As regards the additional 55% assessment of the municipal assessor on the value of the machineries and equipment, the CTA pronounced that absent any proof to the contrary, the assessment of the municipal assessor enjoys presumption of regularity. The CTA took note of LHC's failure to comply with Sections 202 and 203 of the LGC requiring it to file a sworn statement within 60 days from acquisition or upon completion or occupancy of the improvement of the property. It was only after two notices of assessment that LHC filed its sworn statement without any documentary evidence to support it.

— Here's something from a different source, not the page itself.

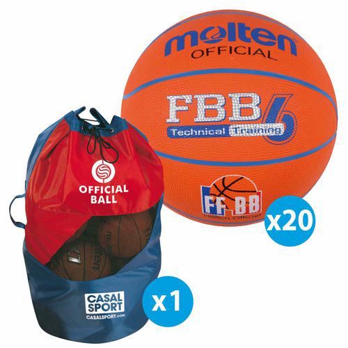 Lot de 20 ballons de basket Molten FFBB TRAINING + sac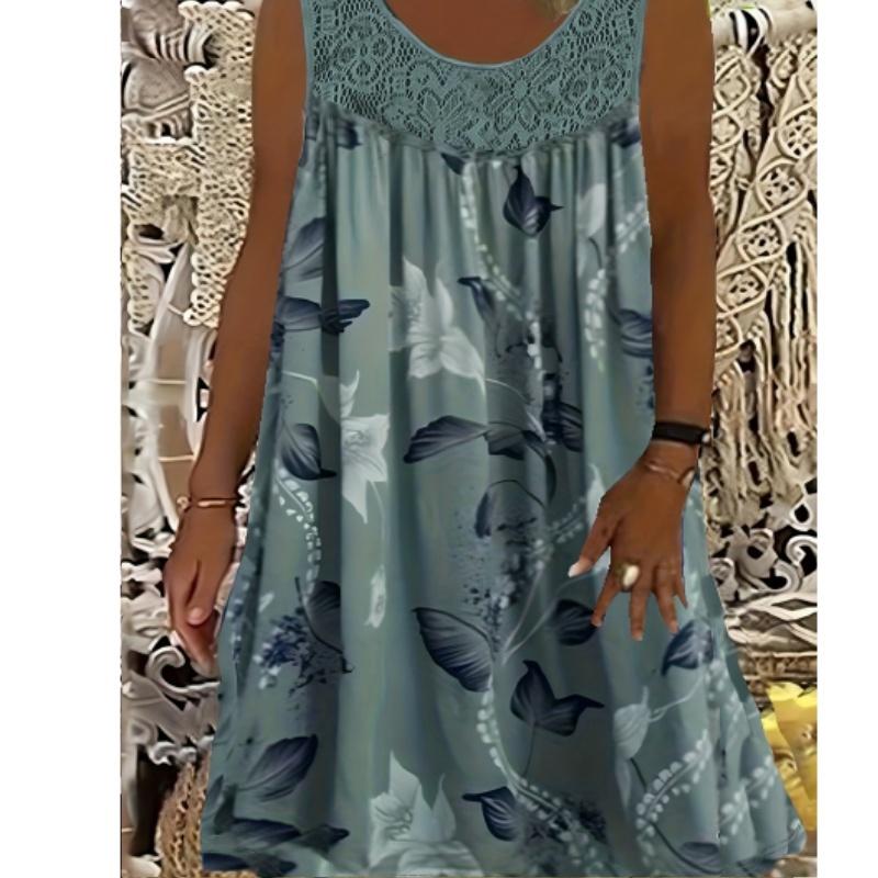 Кружевное лоскутное принтованное платье без рукавов свободного покроя летнее платье повседневная свободная ночная рубашка женская пижама

The CTA rejected LHC and NPC's contention that the Municipality of Alilem was bound by the PPA pursuant to the MOA, particularly in allowing NPC to assume the RPT liabilities of LHC. Referring to the stipulations in the MOA, the CTA found that there was no express provision in the MOA allowing such arrangement. Moreover, it classified the MOA as a contract of adhesion, where LHC and NPC induced the Mayor of Alilem to agree to the same. Given the ambiguities in the MOA, such ambiguities should be construed against LHC and NPC, the parties who prepared it. The dispositive portion of the decision of the CTA reads:
WHEREFORE, premises considered, the instant Petitions for Review are DENIED, for lack of merit, additional to their respective jurisdictional defects. The Decision dated September 26, 2012 and Resolution dated March 21, 2013 of the Central Board of Assessment Appeals in CBAA Case Nos. L-96 and L-99 are hereby AFFIRMED.
SO ORDERED. 8
Undaunted, LHC and NPC separately filed their motions for reconsideration, which the CTA denied. In its resolution dated March 9, 2016, the CTA explained that while it can take judicial notice of Executive Order (E.O.) No. 173, there was insufficient ground to suspend proceedings, which decision to suspend rests upon the discretion of the court. The CTA resolved that based on the circumstances, the suspension of the proceedings was more certain to result in delay. The CTA further declared that in any case, even with the denial of the motion to suspend the proceedings, the parties may still agree on a compromise, even after final judgment, and the non-suspension of the proceedings was not a bar to a compromise agreement and negotiations. CAIHTE
Hence, the present petitions separately filed by LHC and NPC. LHC and NPC postulate that the CTA committed a reversible error when it failed to suspend the proceedings to allow the parties to enter into an amicable settlement pursuant to E.O. No. 173, otherwise known as "Reduction and Condonation of Real Property Taxes and Interest/Penalties Assessed on the Power Generation Facilities of Independent Power Producers under Build-Operate-Transfer Contracts with Government-Owned and/or Controlled Corporations." LHC and NPC also insist that contrary to the ruling of the CTA, LHC is not the party responsible for the payment of the assessed RPT because LHC only enjoys naked ownership over the power plant. Instead, it is NPC, the beneficial owner, actual, direct and exclusive user of the energy generated by the power plant, which is responsible for the payment of the RPT. Corollary, therefore, NPC has a legal standing to question the RPT assessed on the subject properties. Besides, that the subject properties are exempt from RPT, it is also classified as a "special class" subject to the 10% assessment level under Sec. 216 of the LGC. LHC and NPC also submit that the additional 55% on the value of the machineries and equipment has no basis. Furthermore, the Municipality of Alilem must accord to the stipulations in the MOA allowing NPC to assume the tax liabilities of LHC.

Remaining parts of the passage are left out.